The end of the year is a great time to buy new equipment, whether for tax purposes or simply to buy something for yourself that you really want. Most geek wish lists include hard drives, graphics cards and processors.
The choice of core elements - processors, motherboardsand RAM - is now so large that laypeople are quickly overwhelmed. For processors, there are the AthlonXP, Athlon64, Athlon64 FX, Duron, Opteron, Pentium 4, Pentium M, Celeron, Xeon, Itanium. Then, there are at least three chipsets available for each platform - not including models featuring integrated graphics.
For our purposes, we can whittle down the plethora of products to a manageable sampling. There are Intel's Celeron as well as the Duron from AMD for low-end PC applications and the Pentium M and Mobile Athlon64 for notebooks and the Opteron, Xeon and Itanium lines for servers.

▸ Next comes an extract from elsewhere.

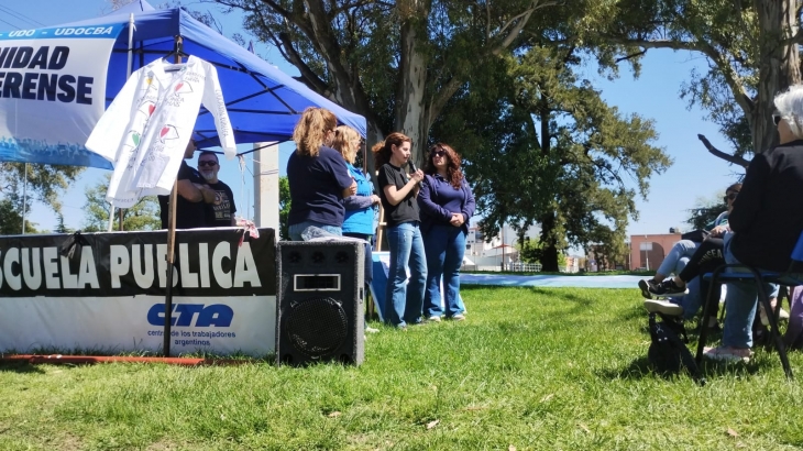 Con diversas manifestaciones de rechazo a la política educativa del Gobierno nacional se realiza este miércoles en la esquina de Necochea y Brown, en pleno Parque Mitre, la Jornada Nacional en Defensa de la Educación Pública y el Derecho Social a la Educación.
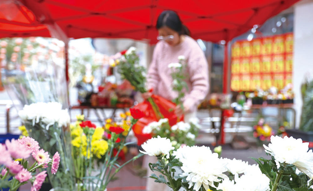 又是一年清明时,一束鲜花忆故人。白菊花、黄菊花、白百合……昨日(4月4日),在晋江梅岭综合市场,部分摊主将各种花色做成的花束、花篮摆在显眼位置,市民正在挑选花篮。摊主告诉记者,随着“绿色祭扫、文明祭祀”观念深入人心,鲜花祭祀成为当下主流;每年清明前后,花束和花篮销量都很好。(记者 陈巧玲 摄)

However, all the PC buyer really has to care about are AMD AthlonXP, Athlon64, Athlon64FX and the Intel Pentium 4 processors. Prices range from from $110 / €100 for an AthlonXP2600+ all the way to more than $1,200 / €1,100 for the Pentium 4 Extreme Edition. Clock speeds range from under 2 GHz up to 3.2 GHz.
For our purposes, we wanted to know which PC processor delivered the best price/performance ratio. We also wanted to find out how each of them responded to overclocking.